I’m confused/unconvinced. Surely the 9/11 attackers, for example, must have “internally searching through a search space (consisting of possible outputs, policies, plans, strategies, or similar) looking for those elements that score high according to some objective function that is explicitly represented within the system”? Can you give some examples of humans being highly dangerous without having done this kind of explicit optimization?
As far as I can tell, Hjalmar Wijk introduced the term “malign generalization” to describe the failure mode that I think is most worth worrying about here.
Can you give some realistic examples/scenarios of “malign generalization” that does not involve mesa optimization? I’m not sure what kind of thing you’re actually worried about here.
Surely the 9/11 attackers, for example, must have “internally searching through a search space (consisting of possible outputs, policies, plans, strategies, or similar) looking for those elements that score high according to some objective function that is explicitly represented within the system”?

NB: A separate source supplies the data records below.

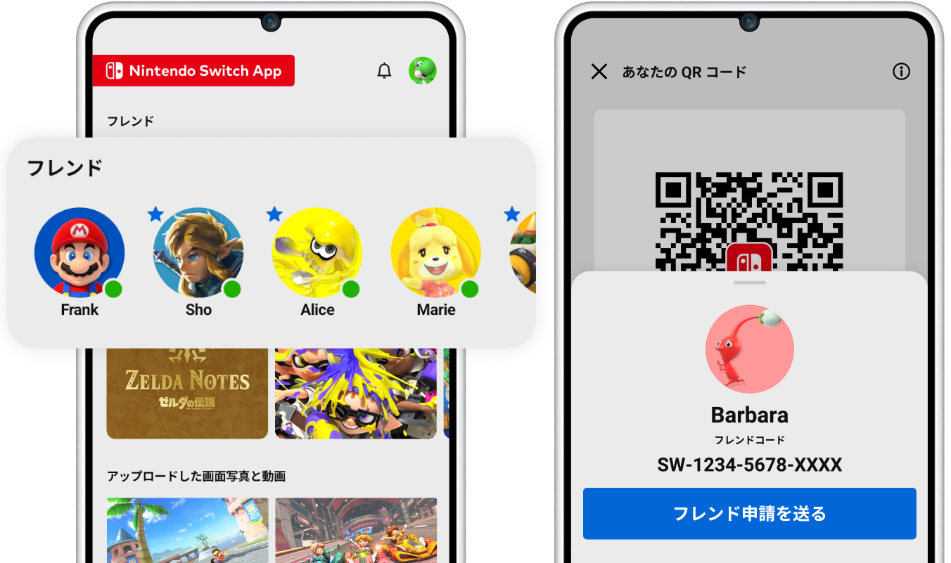 通过交换好友编号或QR Code,即使没有游戏主机,也可以通过智能手机成为好友。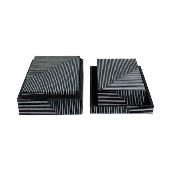 10/11/12 in. Blue Wood and Resin Pinstripe Design Decorative Box (Set of 3)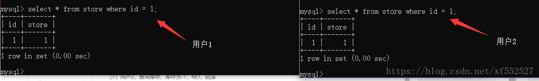 (1)用户1查询id为1的商品的库存为1,刚查完还没有进行修改库存

ETA: I agree if someone were to eg. write a spreadsheet of all the things they could do, and write the costs of those actions, and then choose the one with the lowest cost, this would certainly count. And maybe terrorist organizations do a lot of deliberation that meets this kind of criteria. But I am responding to the more typical type of human action: walking around, seeking food, talking to others, working at a job.
There are two reasons why we might model something as an optimizer. The first reason is that we know that it is internally performing some type of search over strategies in its head, and then outputting the strategy that ranks highest under some explicit objective function. The second reason is that, given our ignorant epistemic state, our best model of that object is that it is optimizing some goal. We might call the second case the intentional stance, following Dennett.

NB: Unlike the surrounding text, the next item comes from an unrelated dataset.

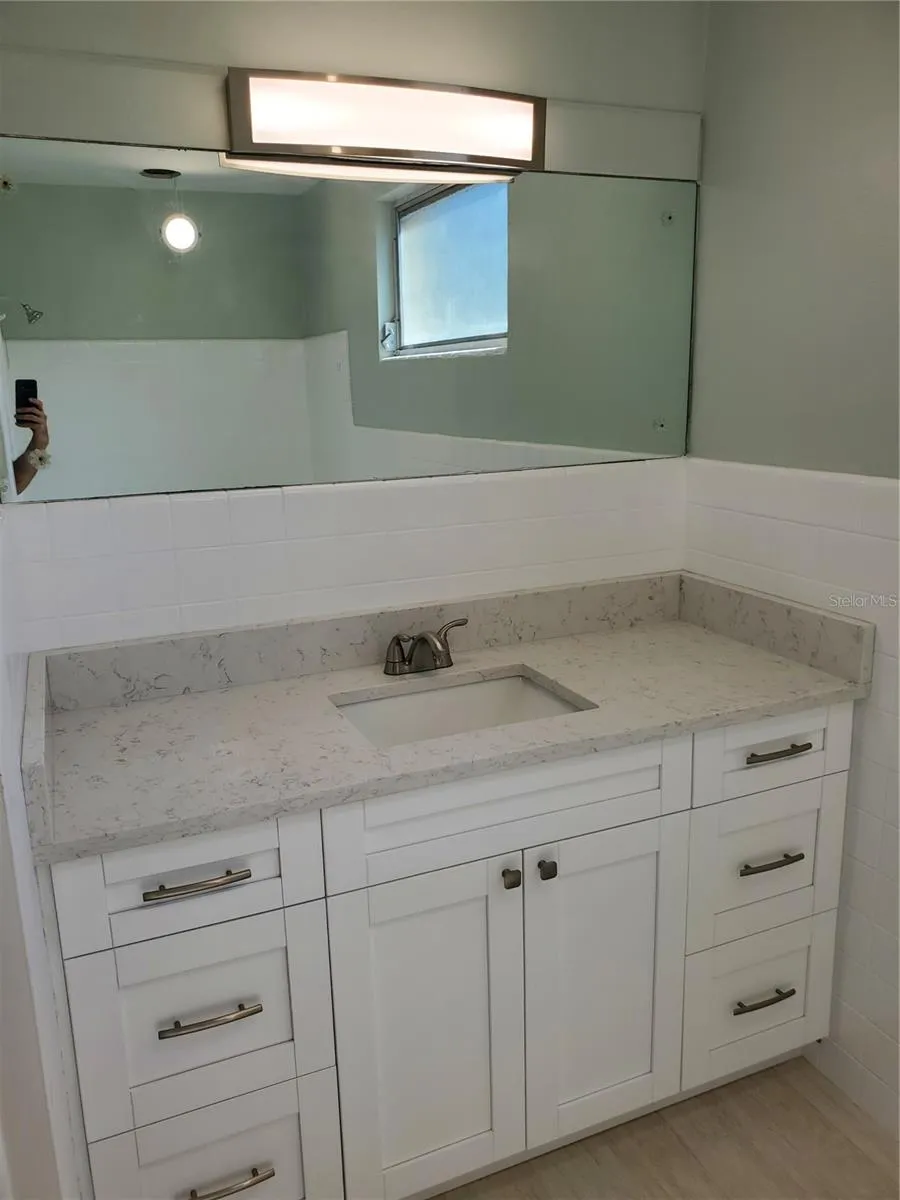 Living near the Gulf coast is finally within reach. Feel the breeze and salty air in your NEWLY RENOVATED Bellaire Bluffs flat. Outfitted with brand new luxury vinyl flooring, kitchen and bathroom cabinets, stainless steel appliances and quartz countertops, this 2 bedroom/1 bathroom corner unit is truly where coastal meets contemporary. Relax in style on your oversized screened porch with new tile flooring. Tons of windows in the kitchen and bedrooms allow for plenty of natural light, your space always feels airy and bright. Other features include two tandem parking spaces (1 covered), a semi-private rear patio area, on-site laundry facilities and outdoor green space. Within walking distance, you’ll find Publix and many restaurants. The Belleaire causeway bridge to some of Florida’s best beaches is also steps, or a quick bike ride away. If you’re looking for an updated space in the perfect location, look no further!

If we could show that the first case was true in humans, then I would agree that humans would be mesa optimizers. However, my primary objection is that we could have better models of what the brain is actually doing. It’s often the case that when you don’t know how something works, the best way of understanding it is by modeling it as an optimizer. However, once you get to look inside and see what’s going on, this way of thinking lends to better models which take into account the specifics of its operation.
I suspect that human brains are well modeled as optimizers from the outside, but that this view falls apart when considering specific cases. When the brain makes a decision, it usually considers at most three or four alternatives for each action it does. Most of the actual work is therefore done at the heuristics stage, not the selection part. And even at the selection stage, I have little reason to believe that it is actually comparing alternatives against an explicit objective function.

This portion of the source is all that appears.